Everywhere At Once Puts Grassroots Venues Centre Stage

This weekend the UK’s biggest music festival won’t be happening in a field.

It’ll be happening on your local high street.

From 26th-28th June, more than 400 grassroots music venues will come together for Everywhere At Once, a nationwide celebration of live music led by Music Venue Trust and powered by The National Lottery. More than 2,000 artists – from household names to the next generation of emerging talent – will perform in intimate venues across the country, turning what would normally be Glastonbury weekend into something that feels a little closer to home.

And while the lineup is packed with names including Fatboy Slim, Becky Hill, Tinie Tempah, Rizzle Kicks, The Lathums, Lucy Spraggan, D Double E, P Money, Toddla T, Jodie Harsh, Brooke Combe and many more, the real headline isn’t who’s playing.

It’s where they’re playing.

At Fleckies, we’ve always believed the heartbeat of UK music isn’t found solely in arenas or headline festival slots. It’s found in independent venues, local promoters and communities willing to take a chance on new artists. The rooms where bands play to 50 people before they play to 5,000. The clubs where DJs learn to read a dancefloor. The spaces that quietly shape the future of British music every single week.

That’s exactly what Everywhere At Once is celebrating.

Delivered by Music Venue Trust alongside Save Our Scene and the Association of Independent Promoters, the initiative shines a light on the venues, promoters and local music communities that keep the grassroots ecosystem alive all year round. It’s all made possible through the support of The National Lottery, whose players have helped raise more than £1 billion for music projects across the UK. That investment has supported everything from grassroots venues and festivals to community music projects and artist development, making them one of the biggest backers of live music in the country.
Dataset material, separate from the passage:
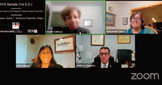
Zoom replaced live debates, but LWV still conducted them
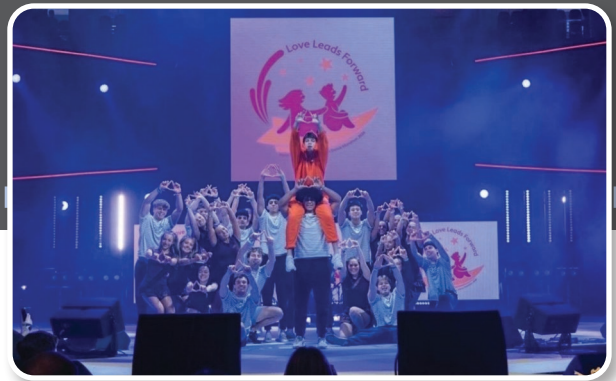
DU paired with Alpha Xi Delta for Greek Sing, dancing on stage to a remix of songs from the soundtrack of The Lorax.

The timing couldn’t be more important.

Despite the UK’s live music industry enjoying record revenues, the grassroots sector continues to face enormous challenges. More than half of grassroots music venues made no profit during 2025, while 30 venues closed their doors permanently. Meanwhile, 175 towns and cities across the UK no longer receive regular touring shows by professional artists.

That’s why initiatives like this matter.

They’re not simply about putting on another weekend of gigs. They’re about reminding people that incredible live music already exists on their doorstep, while encouraging audiences to support the venues, promoters and artists that make local scenes possible.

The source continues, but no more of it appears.